Commissioner of Police of the Metropolis
- In office June 1890 – 4 March 1903
- Monarch: Victoria Edward VII
- Prime Minister: Marquess of Salisbury William Ewart Gladstone Earl of Rosebery Marquess of Salisbury Arthur Balfour
- Preceded by: James Monro
- Succeeded by: Edward Henry

Personal details
- Born: Edward Ridley Colborne Bradford 27 July 1836 Buckinghamshire, England
- Died: 13 May 1911 (aged 74)
- Occupation: Indian Army officer

= Sir Edward Bradford, 1st Baronet =

British Indian Army officer

Colonel Sir Edward Ridley Colborne Bradford, 1st Baronet, (27 July 1836 – 13 May 1911) was a British Indian Army officer who later served as Commissioner of Police of the Metropolis, head of the London Metropolitan Police, from 1890 to 1903.

==Military career==
Bradford was born in Buckinghamshire, the son of William Mussage Kirkwall Bradford (1806–1878), the rector of West Meon, Hampshire, and was educated from 1846 at Marlborough College. He was commissioned into the East India Company's 2nd Madras Light Infantry (based at Jalna) in 1853, transferring to the 6th Madras Cavalry (based at Mhow) on his promotion to lieutenant in 1855. He saw active service in Persia (1856–1857), attached to the 14th The King's Light Dragoons, and in the latter stages of the Indian Mutiny, where he served as adjutant of the left wing of his regiment. In 1858, he transferred to Mayne's Irregular Cavalry (later the 1st Regiment of Central India Horse), of which he became Second-in-Command on 25 October 1858. He distinguished himself in a number of actions, especially against Tantya Tope at Cawnpore. In September 1860, with his health suffering from extended campaigning, he was ordered home to England to recuperate.

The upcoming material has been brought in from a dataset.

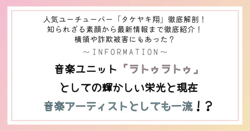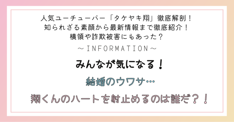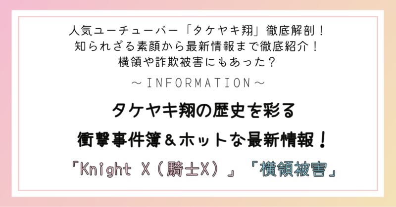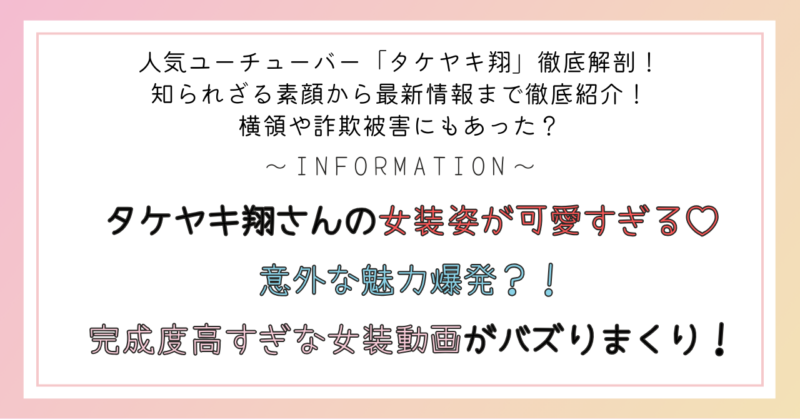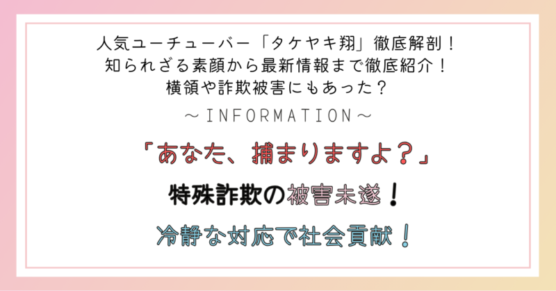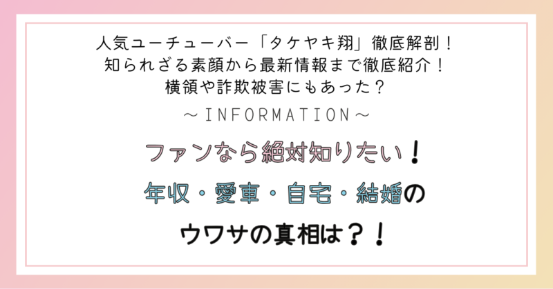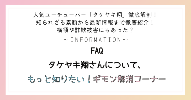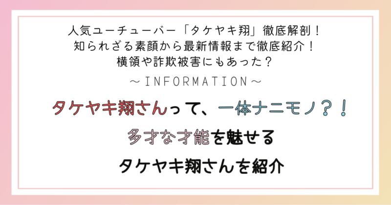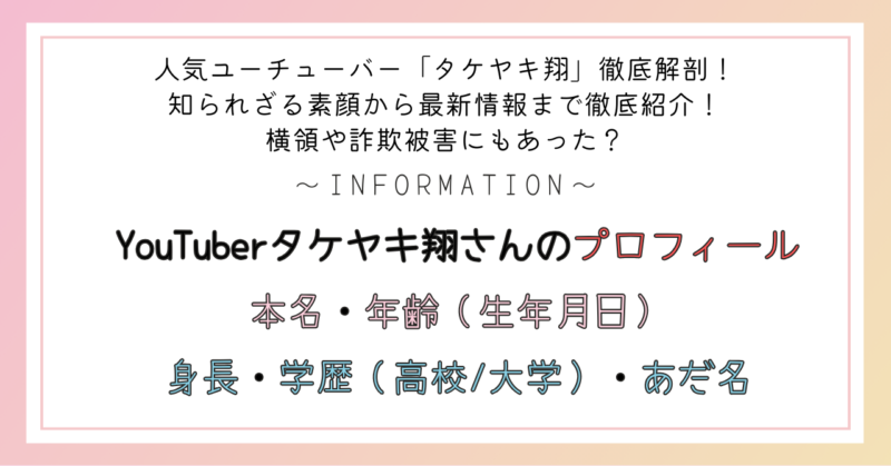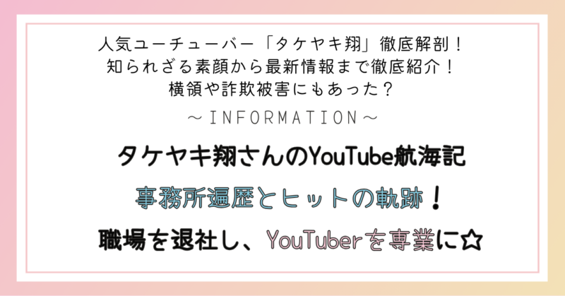 人気ユーチューバー「タケヤキ翔」徹底解剖!知られざる素顔から最新情報まで徹底紹介!横領や詐欺被害にもあった?

In 1862, he returned to India and was made Political Assistant in West Malwa. On 10 May 1863, he was mauled by a tigress during a hunt near Guna and lost his left arm. He continued to ride in pigsticking, holding the reins between his teeth, but his active military career was over.

==Indian Civil Service==
He remained in the Indian Army, but served as Political Agent at successively Jaipur, Baghelkhand, Bharatpur and Mewar. He was promoted captain in 1865 and major in 1873. The following year he was made general superintendent of the Thuggee and Dacoity Department, which effectively acted as the Viceroy's secret police. In March 1878, he was appointed governor-general's agent for Rajputana and chief commissioner of Ajmer, in charge of relations with the Rajput princes, by whom he was respected and admired, not least because he had survived an encounter with a tiger. In private, however, he had no time for them, regarding them as lazy, vain, stupid and underhand. He was promoted lieutenant-colonel in 1879 and colonel in 1884. Having been appointed a Companion of the Order of the Star of India (CSI) in 1876, in June 1885, he was knighted as a Knight Commander of the Star of India (KCSI) for his services.

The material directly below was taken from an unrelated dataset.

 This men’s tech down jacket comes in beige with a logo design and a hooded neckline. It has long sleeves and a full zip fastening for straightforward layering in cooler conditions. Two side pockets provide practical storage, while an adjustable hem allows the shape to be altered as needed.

In 1887, he returned to London as secretary of the Political and Secret Department of the India Office, but the following year returned to India to conduct Prince Albert Victor, Duke of Clarence on a tour of the country, returning to England in 1889. He was made an Aide-de-Camp to Queen Victoria (holding the post until 1893), and was offered the governorship of Cape Colony, but refused it.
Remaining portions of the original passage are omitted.